In reading, Normandy high schoolers lag behind younger students
The superintendent of the Normandy school district says younger students there are making impressive gains, particularly in reading, because of learning strategies that influence them from the time they start school.
But older students still struggle, and their lack of progress concerned members of the state board of education who heard an update on the unaccredited district at their meeting Tuesday in Jefferson City.
“They’re not just going to disappear into the ether when they leave Normandy,” board member Mike Jones of St. Louis said in response to a presentation by Superintendent Charles Pearson. “This is a bigger question than Normandy per se. It seems like we need a strategy for what happens to kids who one day come out of high school totally unprepared to function in an economy and maybe even in a social standpoint the way we need for them to do.
“Right now our approach is the world is flat, they got to the end of it and they fell off. I would say as a matter of public policy, which ultimately has some political implications, we need a larger strategic approach that recognizes that if we fail a child educationally starting at five years old, and we didn’t start to make corrections until they were a freshman or sophomore in high school, you’re going to produce an adult in three years that has none of the skills necessary to function.”
Normandy is completing its second academic year of operating under a board appointed by the state, after the old district was dissolved and replaced by the Normandy Schools Collaborative in 2014. It has received some assistance from the state and has benefited from partnerships with social service organizations and other area school districts.
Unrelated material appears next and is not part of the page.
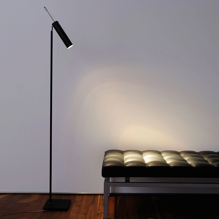 Lucenera was born from a simple concept, that of placing the lamp object in the background, leaving the light as the protagonist according to the illuminated subject. To do this, Enzo Catellani initially used a black carbon tube and a flexible support. The form is as simple as possible. The versatility of the infinite object.

In his presentation to the state board, Pearson credited those agencies for some of the improvements he noted. But he also said that a more stable teaching corps and a change in culture have helped nurture academic progress.
He noted that when he met recently with teachers at Normandy High School, he found a new sense of connection with students that he hadn’t noticed before – a subtle change, but one he said was very intentional.
“Most of the teachers who failed in our district could not establish relationships with children,” Pearson said. “The thing our teachers have to do is get to know our children better.
Data he presented to the state board demonstrated some of the progress Normandy has shown.
In English, for example, in September only two students scored in the advanced category, but by January that had risen to 88. At the same time, the number of students in the lowest category, below basic, dropped from 1,799 to 1,461.
Pearson reported a similar story in math: An increase in the advanced category from zero in September to 71 in January, with a corresponding drop in below basic from 1,842 to 1,407.
The progress was even more pronounced in tests given to students in the lowest grades, Pearson reported. That trend is important for the future, he added.
“We are laying the foundation for what will be an effective school system for the years to come,” he said.
But, he acknowledged, Normandy is still struggling in the upper grades, primarily because of reading levels that are often several grades below where students actually are enrolled. Finding the right approach to fixing the problem can be difficult, he said.
“There are tons programs out there for adult literacy,” Pearson said. “The challenge is, do they have the data to show they are working.”
In other areas, such as attendance and discipline, Pearson said Normandy is also showing progress, though again the high school is lagging. He said students who get into trouble now are more often sent to in-school suspension, where they can still learn but be separate from the general student population. Still, he said, school administrators have to make sure learning is happening.
“We can’t have it just be a holding tank,” he said, “or it’s like the child is still out of school.”
Pearson praised efforts to gain community support, saying that the public is beginning to get the sense that Normandy is improving and thinking beyond just regaining accreditation. He noted that the district’s next public forum is scheduled for April 28.
The key, Pearson told the state board, is to identify policies and programs that are working and make sure they are embedded into the district’s operations for the long term.
Jones, with a fondness for sports metaphors, put the challenge this way: “How do you lay a foundation to make Normandy like the Alabama football team, in the sense that it doesn’t matter when players come, spend four years, graduate and leave. Alabama is still number one or number two.
“What’s our theory of urban education, no matter who the players are, they know how the game is supposed to go and it becomes a question of how well they execute?”
The state board also heard an update on proposed new state learning standards, which were written by work groups and submitted last year. Officials said they have had so many comments that approval of the standards, originally set for this month, was pushed back to April so all of the input from the public could be considered.